= Sasang constitutional medicine =

The Sasang constitutional medicine or Sasang typology is a typological constitution medicine within traditional Korean medicine. It was systematized by Yi Je-ma in his book Dongyi Suse Bowon: Longevity and Life Preservation in Eastern Medicine (동의수세보원, 東醫壽世保元) in 1894. It is a branch of the yin-yang theory. It divides people into four body types based on their biopsychosocial traits and their nature of strong and weak organs. The classification was derived from the five body types of Traditional Chinese medicine described in an ancient Chinese medical book Lingshu Jing of Huangdi Neijing.

==Classification system==

Sasang typology divides people into four types based on their biopsychosocial traits with a combination of yin/yang and greater/lesser: tae-yang ( 태양, 太陽) or "greater yang"; so-yang (소양, 小陽) or "lesser yang"; tae-eum (태음, 太陰) or "greater yin"; and so-eum (소음, 小陰) or "lesser yin". In the yin-tang theory it suggests a duality, two complete opposite energies that need each other in order to exists, for example to wake up we need to sleep and viceversa, for the day to come out we need the night to fall and viceversa. In sa sang it divides it into four which doubles the precision. A clear example is the day and night but in between there is the evening and morning.

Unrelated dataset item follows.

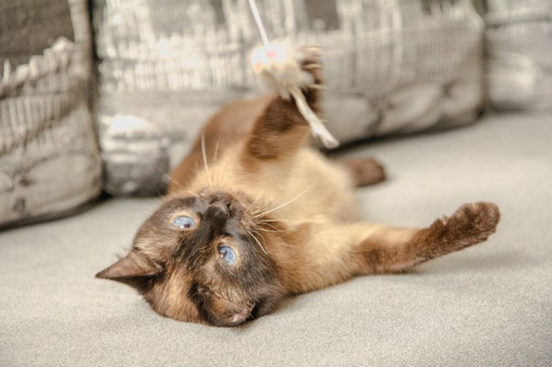 Очень ласковая, преданная, контактная кошечка. Обожает поиграть, побегать с мышкой или мячиком. Хорошо ладит с другими кошками, если те не агрессивны.
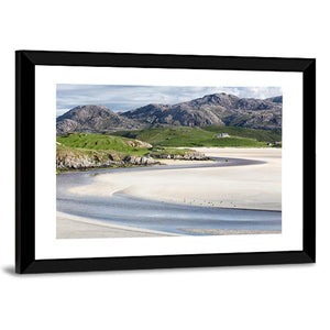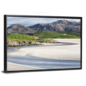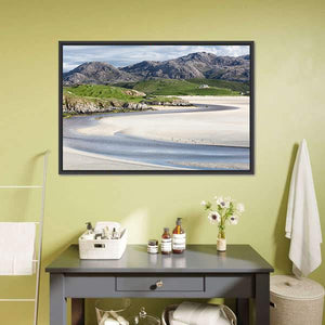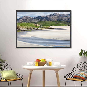 Low Tide At Uig Beach Canvas Wall Art shows a photorealistic beach landscape with distant mountains, a river channel, and a small white building on the horizon. Soft blues, greens, whites and grays create a serene, natural, and spacious mood. This scenic piece suits coastal or modern rooms as a quiet focal point.

Each type consists of a classification of pathology, medicine and hygiene depending on personality, psychological status and organ functionality. It is considered that one cannot escape the category of biological body type, and the strengths and weaknesses of organs, both major and minor, depend on the type.

==Body Types==

===Tae-yang===
Tae-yang have large lungs and a small liver. They have superiority in function, and often have feelings of inferiority.

===Tae-eum===
Tae-eum have a large liver and small lungs. They are tall and the majority gain a lot of weight. They are patient and have a reserved personality. Therefore, if they are given a task, they will not give up, no matter what task it is. Because of this personality, they are prone to gambling.

===So-yang===
The so-yang type has a large spleen, and small kidneys. They have whitish skin. Like so-eum, many of this type are skinny.

===So-eum===
The so-eum type have large kidneys and a small spleen. They are short, and many are skinny. Due to weak intestines, they very often have digestive problems. Many enjoy a meat diet.

==Objective==
Sa-sang medicine explains illnesses such as eczema, allergies etc., as an imballance of the body, for example: Soeum type has strong kidney but weak stomach and if the Soeum type consumes foods that strengthen the kidneys but not foods that strengthen the stomach an imabllance of energy (yin-yang) is caused. Its objective is to restore balance and make perfect equilibrium.